Alors, on hurle au génie ? Pas si vite.

Le problème d'Amarok, c'est son grand écart. Il met en avant un thème fort, celui de la lutte territoriale entre deux meutes, mais la mécanique est froide. Très froide. On ne se sent jamais à la tête d'une meute. On déplace un pion sur un damier qui change. Le thème est un prétexte, un habillage élégant pour un jeu de placement et de blocage qui aurait pu s'appeler "Hexagon Duel".

Le jeu fonctionne parfaitement en tant qu'abstrait. Il est malin, rapide, et demande une vraie concentration. Mais si vous cherchez l'immersion, l'aventure dans les grands espaces, vous serez déçu.
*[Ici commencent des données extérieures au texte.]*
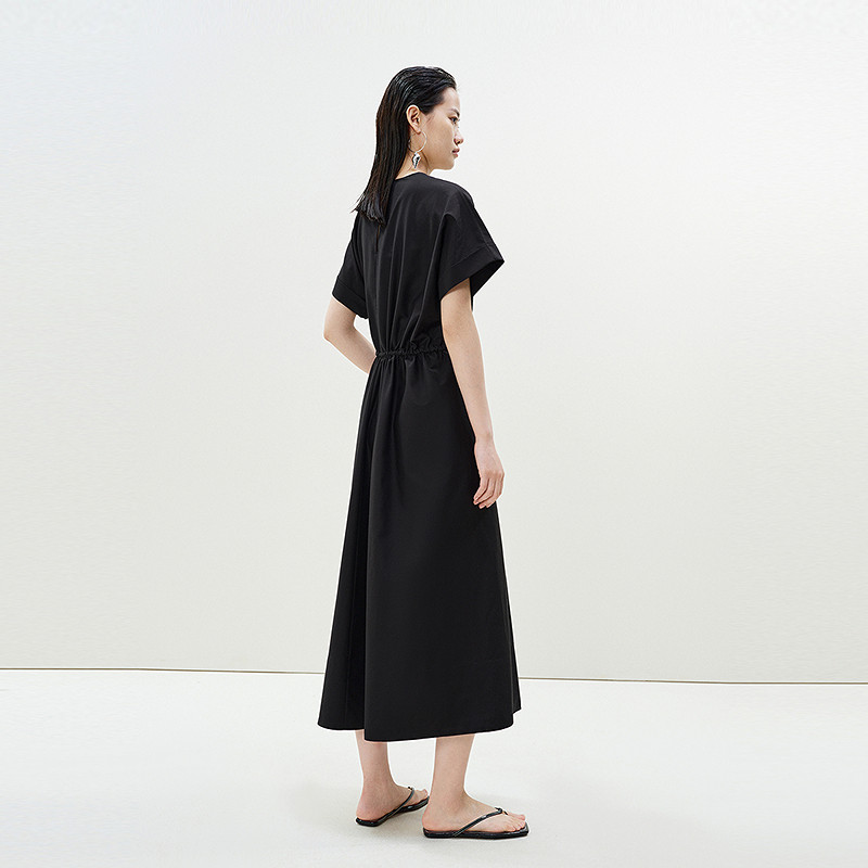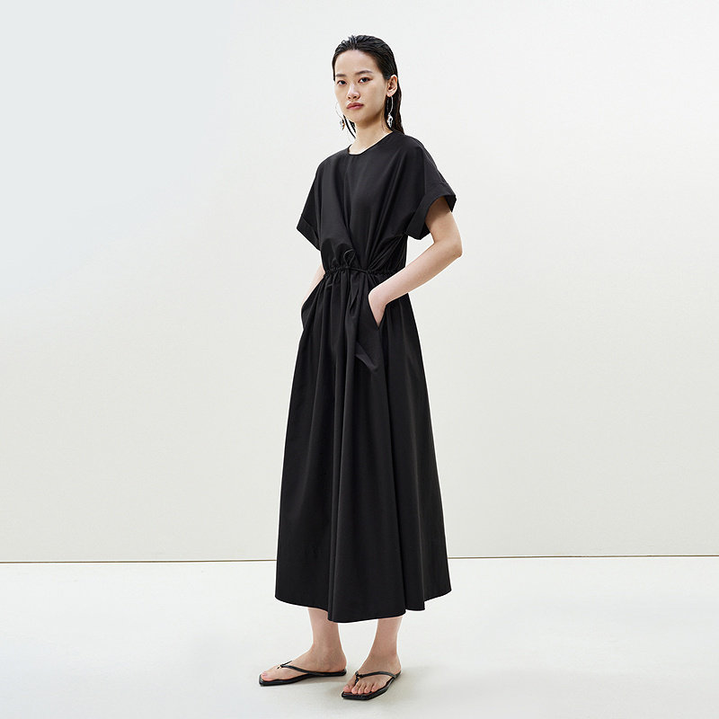 LESS夏圆领短袖连衣裙女黑色简约通勤收腰裙子含桑蚕丝2P5G12020
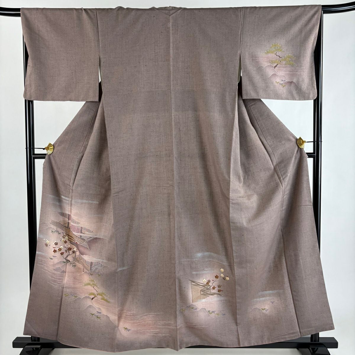 【美品】 付下げ 身丈159cm 裄丈66cm M 袷 紬地 建物 松竹梅 金彩 薄紫 正絹 秀品 一つ紋
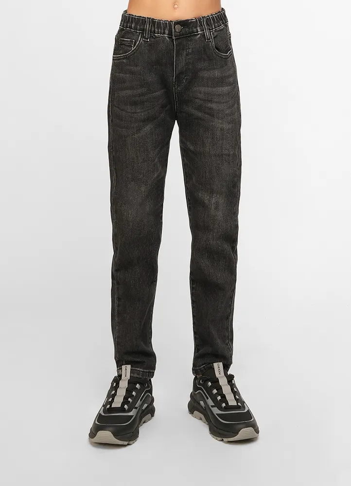 Jeans.Stretch elastic waist denim straight jeans-95% Cotton, 4% Polyester, 1% Spandex.
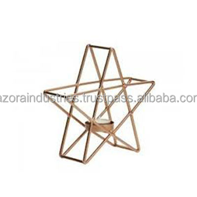 Home Decorative Geometric Candle Holder Gold Wire Iron Candle Lantern Holder
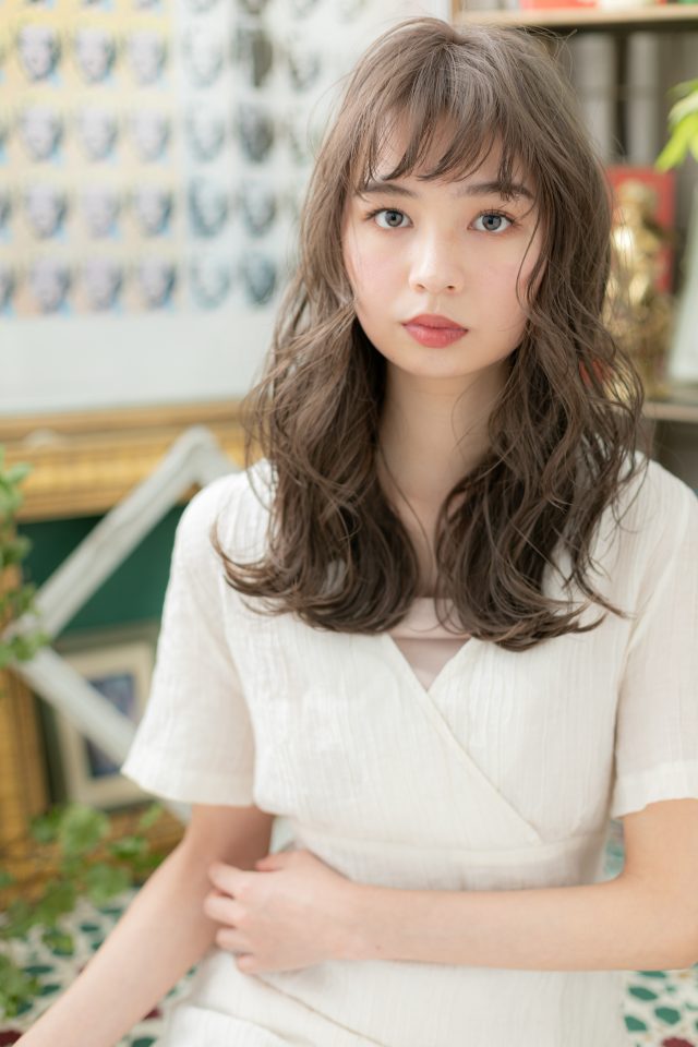 ハイトーンxくせ毛風パーマで自然に陰影ができて3Dヘアスタイルが完成。眉上バングであざとさ◎ふわミディやくびれミディからの伸ばしかけに。センターパートや耳かけも大人かわいい。(メイク担当:川口店成田)
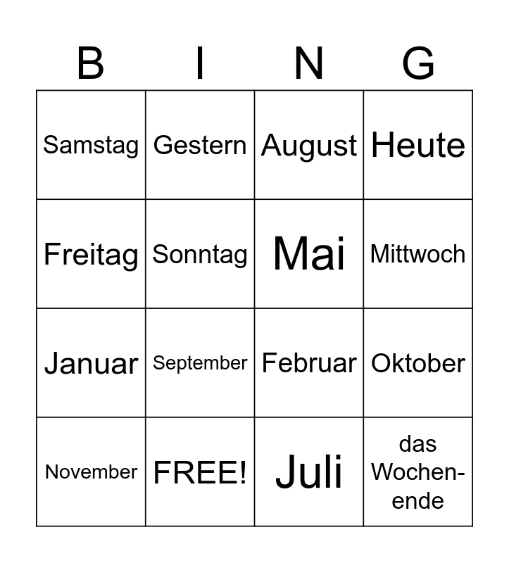 This bingo card has 25 words: Montag, Dienstag, Mittwoch, Donnerstag, Freitag, Samstag, Sonntag, Gestern, FREE!, Morgen, Januar, Februar, Maerz, April, Mai, Juni, Juli, August, September, Oktober, November, Dezember, das Wochen- ende, Heute and das Jahr.
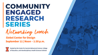 12:00 - 1:30 pm 9/11/2024Siebel Center for DesignJoin CSBS, the College of Education, and IHSI for the first event of the 2024-25 Community-Engaged Research Series. Connect with faculty and staff across campus involved in community-engaged research! Identify common goals and challenges in community-engaged research, learn from each other's experiences, find and share resources, and build your university and...
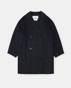 Un manteau pour femme de couleur bleu nuit et de la marque Closed. On adore ce manteau court pour femme, féminin et chic, un must-have de l'hiver !
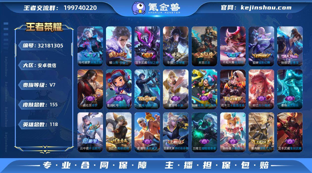 V7 11传说 118英雄 155皮肤 可修改实名 男号 【稀有英雄】大司命,韩信(韩跳跳),夏洛特(夏师傅),艾琳,橘右京(橘子),娜可露露(鸟人),不知火舞,赵云,金蝉(唐僧),戈娅 【传说皮】地狱之眼,一念神魔,猫影幻舞,时之恋人-刘备(电焊工),山海·苍雷引(电光曜子) 【珍宝阁皮】蔷薇恋人,女武神,玩趣恶龙 【赛季/战令皮】古海寻踪(s33),星界游侠,海盐诗旅(s30),擒涛扼浪(s31),探海日志(s32),顽趣-梦奇,天穹祈灯(s34),暖冬·兔眠,混沌棋(s18),疑决卦(s19),醍醐杖(s20),原初探秘者(s21),万华元夜(s22),演武夺筹(s23),驱傩正仪(s24),千军破阵(s25),夺宝奇兵,迷踪丽影,单词大作战,狂想玩偶喵,潮玩骑士王,云间偶戏,神迹守卫-墨子,航海奇遇记,圣弓游侠,真爱魔法,沙漠行僧(s26),金庭之子(s27),电玩高手(电玩铁子),午后时光,大漠名商(s28),云中旅人(s29) 【史诗皮】紫霞仙子,电玩小子(小书包),永昼,蒙恬荣光圣徽,电玩·爆裂旋风,末日机甲-吕布,猫狗日记-孙策,乱世虎臣,修罗,女仆咖啡,水果甜心,德古拉伯爵,暗隐猎兽者,幽灵船长,鬼剑武藏,纤云弄巧,乘风破浪,逐浪之夏,水晶猎龙者,曙光守护者,金属风暴,原初追逐者,圣诞狂欢,鹰眼统帅,魅力维加斯,黎明之约,赏金猎手,无心 【限定皮】鸣野蒿,至尊宝,绯月行,...
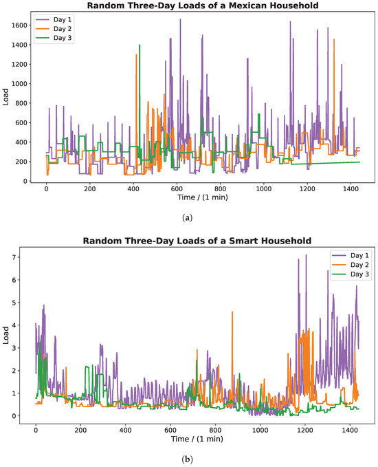 Random three-day load profiles for two households illustrating the variability in energy consumption patterns. (a) Load profile of a Mexican household. (b) Load profile of a smart household.
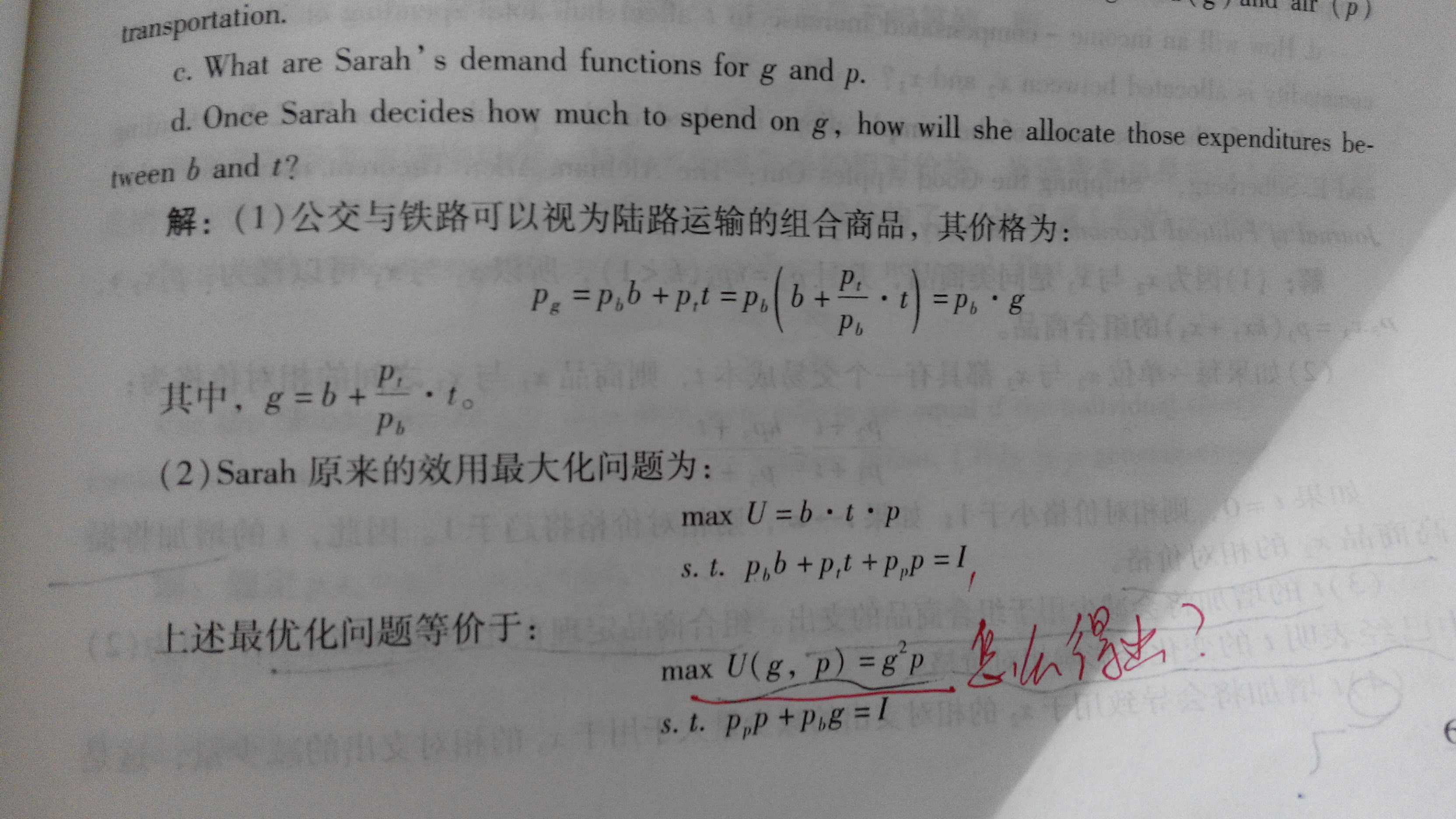 求教大神,第二问的效用函数U=g^2*p是怎么得出的?
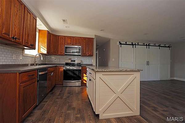 - Country Kitchen, Dining/Living Room Combo, Granite Counters, Kitchen Island, Laminate Counters, Open Floorplan, Shower, Walk-In Closet(s)
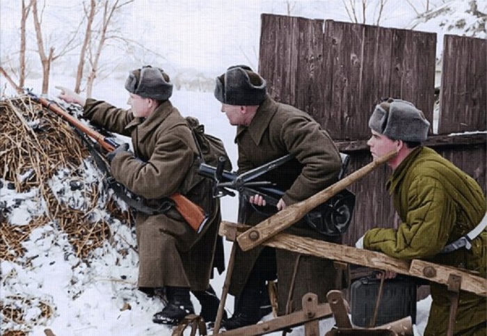 Солдаты на боевой позиции в деревне во время битвы под Москвой.
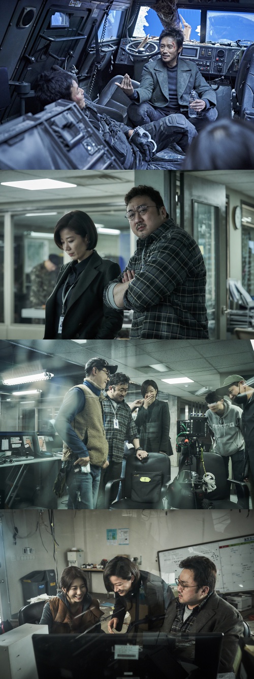 뿐만 아니라 지질학 교수 강봉래 역 마동석, 작전을 계획하는 전유경 역 전혜진, 반드시 살아남아야 하는 최지영 역 배수지의 스틸은 영화 속에서 또 다른 재미를 완성한 이들의 찰떡 호흡을 담아내 보는 이에게 기분 좋은 미소를 자아낸다.
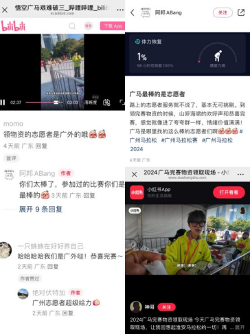 广外青年志愿者们热情细致的服务得到了组委会和参赛选手的一致认可。众多跑友自发拿起相机摄影记录完赛物品领取瞬间并分享自身真实感受,在“微信视频号”“小红书”“哔哩哔哩”等多种新媒体平台上广泛传播,引发热议,突出展现了广外青年的靓丽风采。
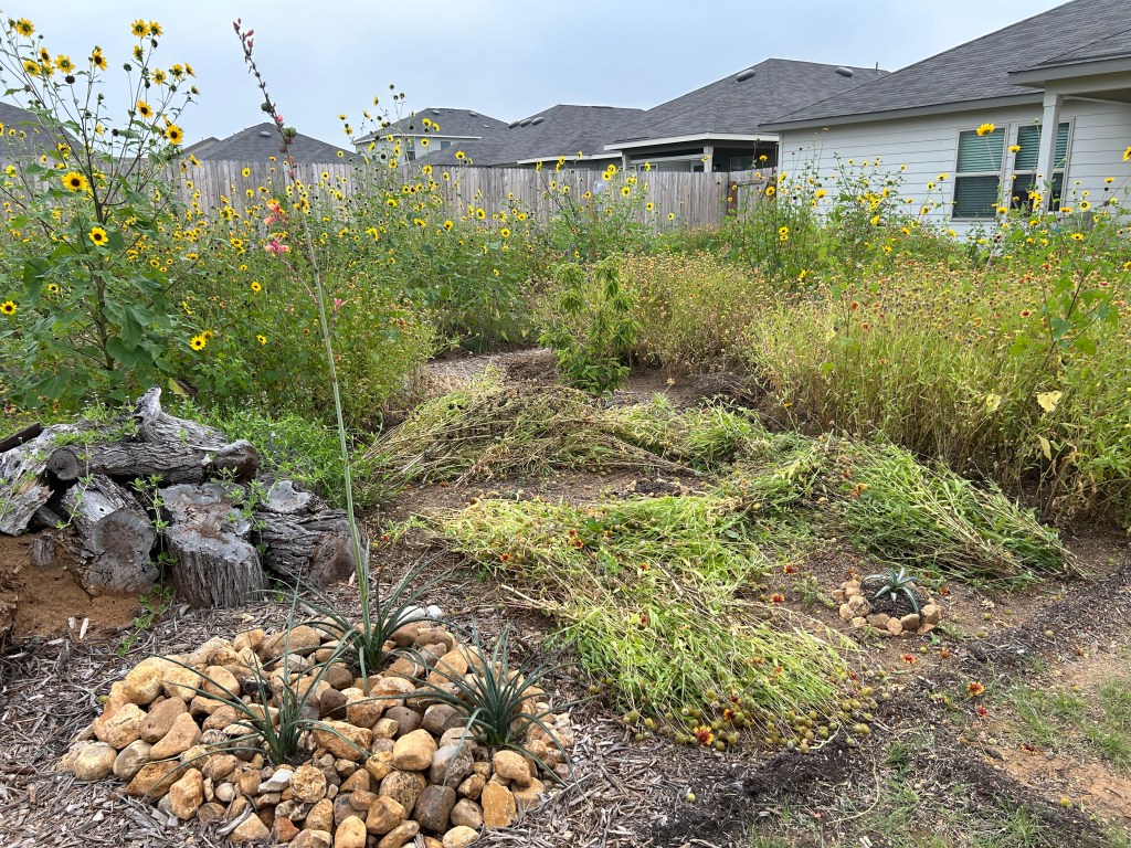 Currently, most of the annual plants in the back yard are Firewheel aka Indian Blanket (Gaillardia pulchella), Beach Sunflower (Helianthus debilis), and Common Sunflower (Helianthus annuus). Curiously, the Firewheels in the front meadow are shorter (1-2 ft) and bloomed earlier than the ones in the back yard, which are about a foot taller and bloomed later. I bought seeds for both locations from the same source.
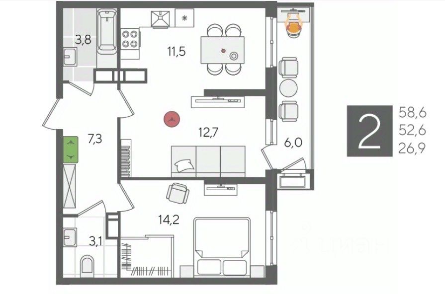 В продаже 2-комнатная квартира от застройщика! ЖК "Рекорд", г. Краснодар, Литер 6, общей площадью 58.6 кв.м., на 20 этаже.

Il n'y a pas de chasse, pas de gestion de meute, juste une logique implacable de contrôle de zone.

Notre verdict

Amarok est un bon jeu. Mais pas pour les raisons qu'il met en avant. Il ne réinvente pas la thématique du loup, il s'en sert pour vendre une mécanique abstraite bien huilée. C'est un excellent jeu de duel pour qui aime les échecs ou les dames, avec une couche de variabilité grâce au placement des tuiles.

Faut-il y jouer ? Oui, si vous cherchez un jeu de stratégie à deux, nerveux et sans hasard. Non, si vous espériez enfin ressentir le souffle sauvage d'une meute de loups. Amarok ne vous fera pas hurler à la lune. Mais il vous fera chauffer les méninges. C'est déjà pas mal.